EXERCISE GOAL: Word for word, write the records out again, but omit each picture.

(Stored items from a collection)

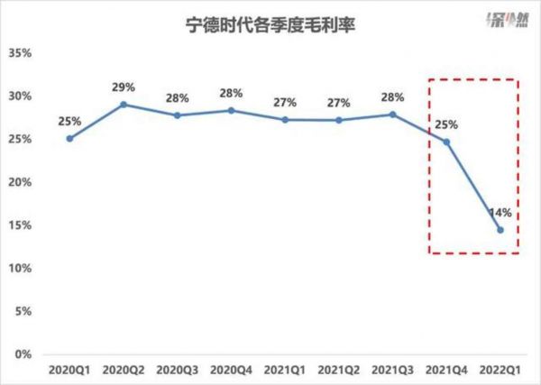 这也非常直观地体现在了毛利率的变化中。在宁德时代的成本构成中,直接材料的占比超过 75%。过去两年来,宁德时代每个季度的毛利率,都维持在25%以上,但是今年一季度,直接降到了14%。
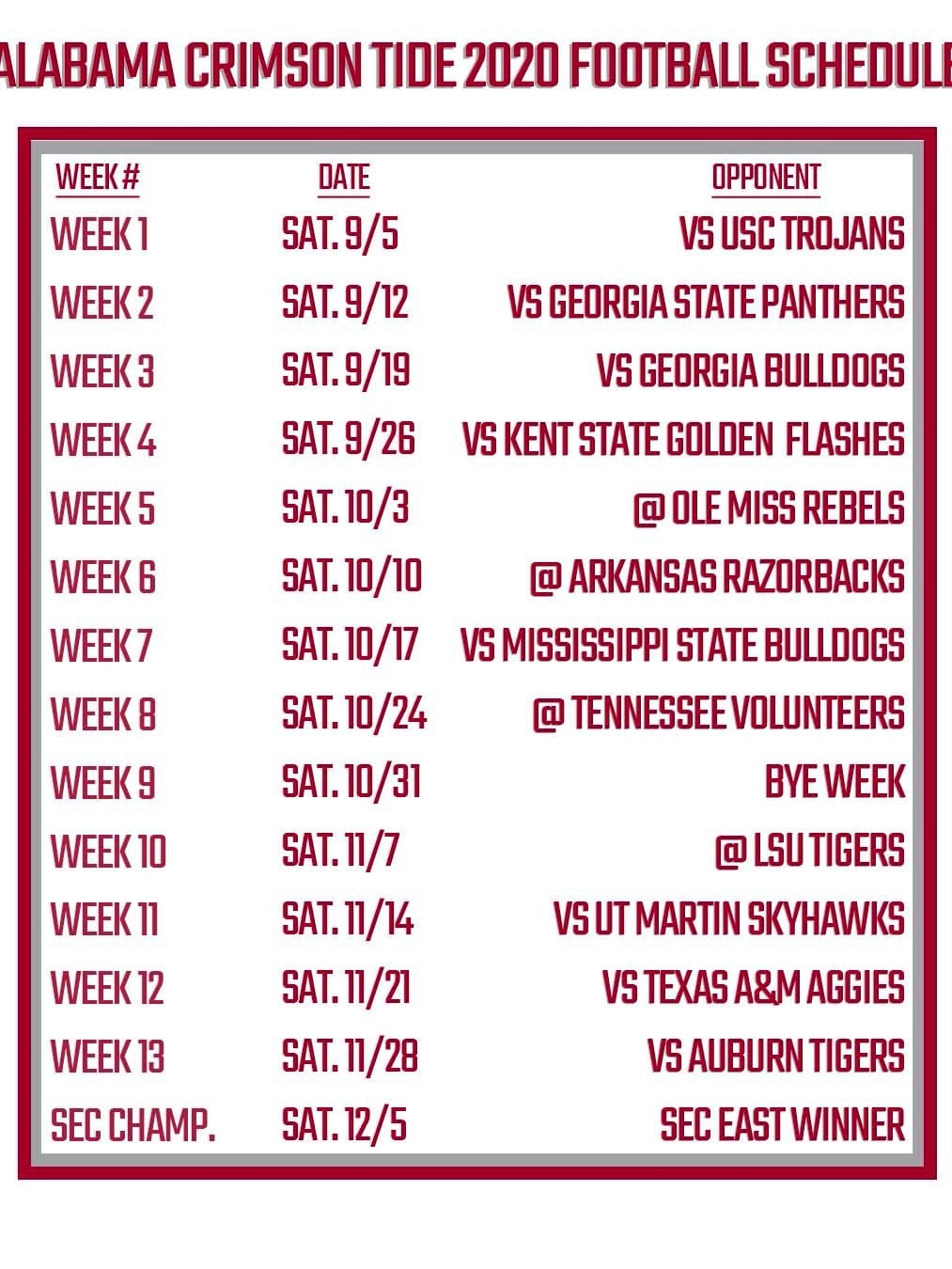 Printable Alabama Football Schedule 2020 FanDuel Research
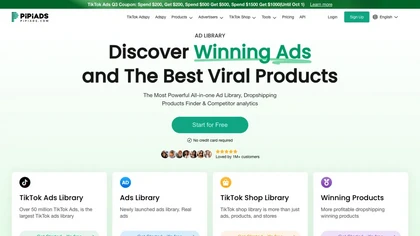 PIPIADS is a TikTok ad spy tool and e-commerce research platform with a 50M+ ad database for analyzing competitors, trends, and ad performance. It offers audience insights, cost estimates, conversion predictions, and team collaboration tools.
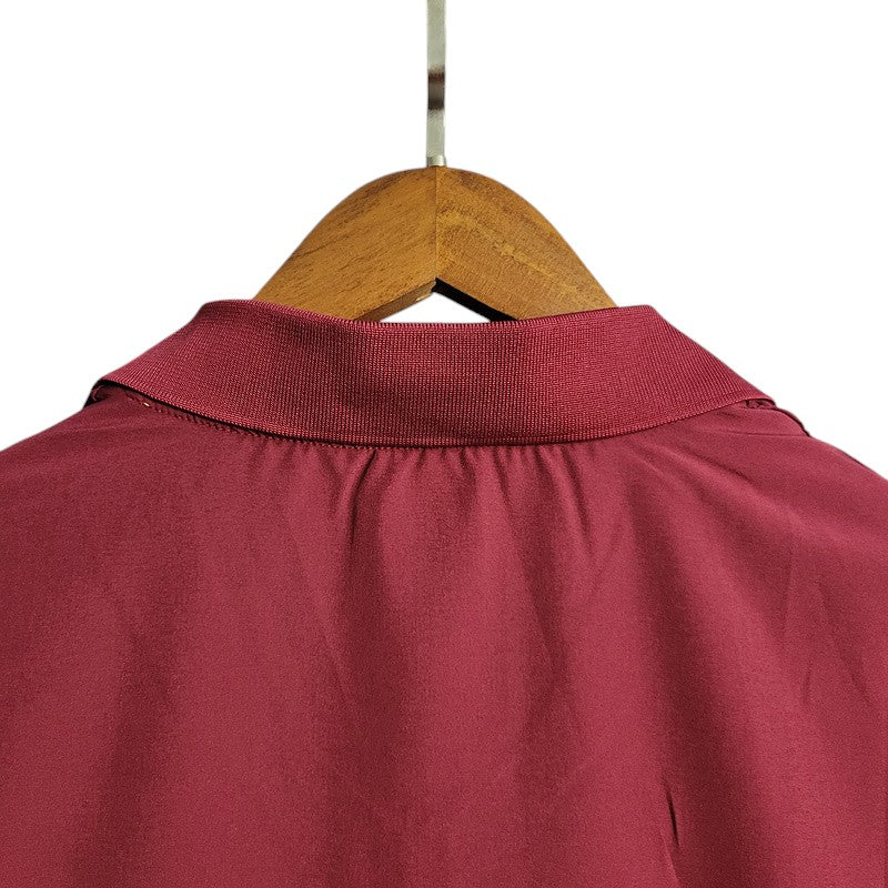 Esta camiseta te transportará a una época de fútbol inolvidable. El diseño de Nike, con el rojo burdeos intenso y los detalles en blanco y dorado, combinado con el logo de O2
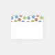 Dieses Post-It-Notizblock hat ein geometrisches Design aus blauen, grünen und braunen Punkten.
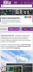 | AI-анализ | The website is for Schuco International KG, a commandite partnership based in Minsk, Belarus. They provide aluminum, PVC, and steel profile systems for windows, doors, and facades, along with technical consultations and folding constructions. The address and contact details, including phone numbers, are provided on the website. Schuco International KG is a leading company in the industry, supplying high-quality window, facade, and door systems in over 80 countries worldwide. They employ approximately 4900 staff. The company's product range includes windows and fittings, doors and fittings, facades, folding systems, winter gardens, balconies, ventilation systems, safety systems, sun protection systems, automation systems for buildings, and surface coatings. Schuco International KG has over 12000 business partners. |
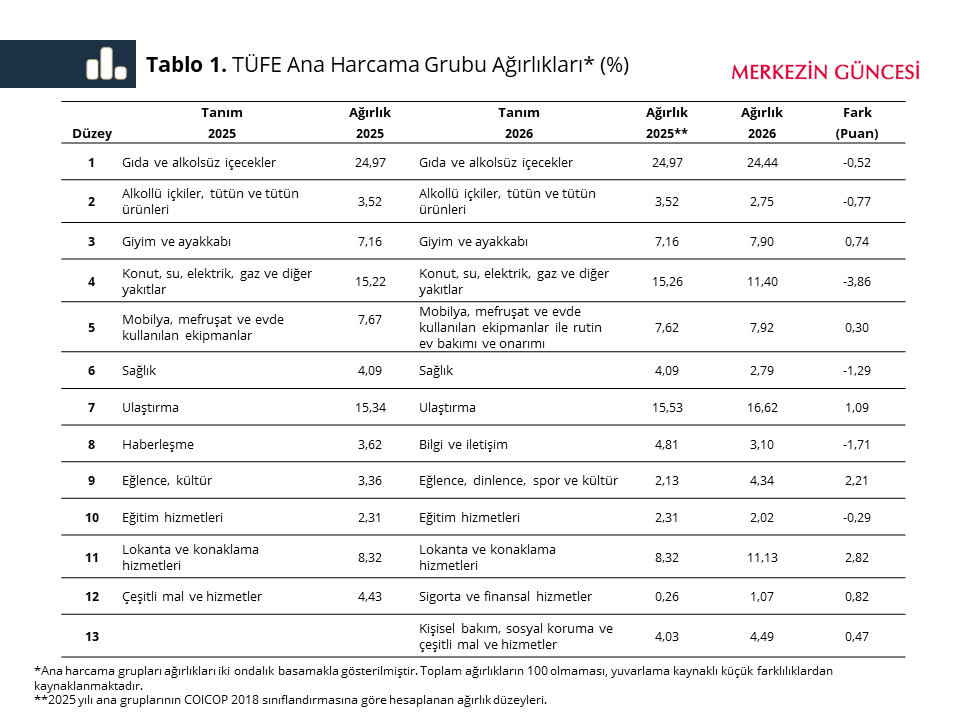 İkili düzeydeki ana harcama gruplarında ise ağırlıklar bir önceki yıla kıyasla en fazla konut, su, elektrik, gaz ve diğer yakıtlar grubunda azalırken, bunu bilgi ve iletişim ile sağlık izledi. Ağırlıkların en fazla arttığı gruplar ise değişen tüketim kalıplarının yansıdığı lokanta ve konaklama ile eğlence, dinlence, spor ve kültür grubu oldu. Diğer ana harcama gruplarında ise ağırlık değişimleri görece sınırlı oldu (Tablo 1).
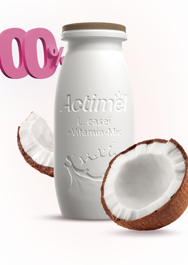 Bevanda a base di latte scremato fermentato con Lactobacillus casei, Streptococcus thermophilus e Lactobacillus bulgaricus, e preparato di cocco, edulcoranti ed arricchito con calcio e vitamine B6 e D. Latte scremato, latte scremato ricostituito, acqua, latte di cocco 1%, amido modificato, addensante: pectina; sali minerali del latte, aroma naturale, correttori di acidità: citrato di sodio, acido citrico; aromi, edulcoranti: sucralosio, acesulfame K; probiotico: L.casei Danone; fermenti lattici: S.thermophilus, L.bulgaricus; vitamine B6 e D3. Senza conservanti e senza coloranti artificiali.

REPLY TO THE TASK:
 这也非常直观地体现在了毛利率的变化中。在宁德时代的成本构成中,直接材料的占比超过 75%。过去两年来,宁德时代每个季度的毛利率,都维持在25%以上,但是今年一季度,直接降到了14%。
 Printable Alabama Football Schedule 2020 FanDuel Research
 PIPIADS is a TikTok ad spy tool and e-commerce research platform with a 50M+ ad database for analyzing competitors, trends, and ad performance. It offers audience insights, cost estimates, conversion predictions, and team collaboration tools.
 Esta camiseta te transportará a una época de fútbol inolvidable. El diseño de Nike, con el rojo burdeos intenso y los detalles en blanco y dorado, combinado con el logo de O2
 Dieses Post-It-Notizblock hat ein geometrisches Design aus blauen, grünen und braunen Punkten.
 | AI-анализ | The website is for Schuco International KG, a commandite partnership based in Minsk, Belarus. They provide aluminum, PVC, and steel profile systems for windows, doors, and facades, along with technical consultations and folding constructions. The address and contact details, including phone numbers, are provided on the website. Schuco International KG is a leading company in the industry, supplying high-quality window, facade, and door systems in over 80 countries worldwide. They employ approximately 4900 staff. The company's product range includes windows and fittings, doors and fittings, facades, folding systems, winter gardens, balconies, ventilation systems, safety systems, sun protection systems, automation systems for buildings, and surface coatings. Schuco International KG has over 12000 business partners. |
 İkili düzeydeki ana harcama gruplarında ise ağırlıklar bir önceki yıla kıyasla en fazla konut, su, elektrik, gaz ve diğer yakıtlar grubunda azalırken, bunu bilgi ve iletişim ile sağlık izledi. Ağırlıkların en fazla arttığı gruplar ise değişen tüketim kalıplarının yansıdığı lokanta ve konaklama ile eğlence, dinlence, spor ve kültür grubu oldu. Diğer ana harcama gruplarında ise ağırlık değişimleri görece sınırlı oldu (Tablo 1).
 Bevanda a base di latte scremato fermentato con Lactobacillus casei, Streptococcus thermophilus e Lactobacillus bulgaricus, e preparato di cocco, edulcoranti ed arricchito con calcio e vitamine B6 e D. Latte scremato, latte scremato ricostituito, acqua, latte di cocco 1%, amido modificato, addensante: pectina; sali minerali del latte, aroma naturale, correttori di acidità: citrato di sodio, acido citrico; aromi, edulcoranti: sucralosio, acesulfame K; probiotico: L.casei Danone; fermenti lattici: S.thermophilus, L.bulgaricus; vitamine B6 e D3. Senza conservanti e senza coloranti artificiali.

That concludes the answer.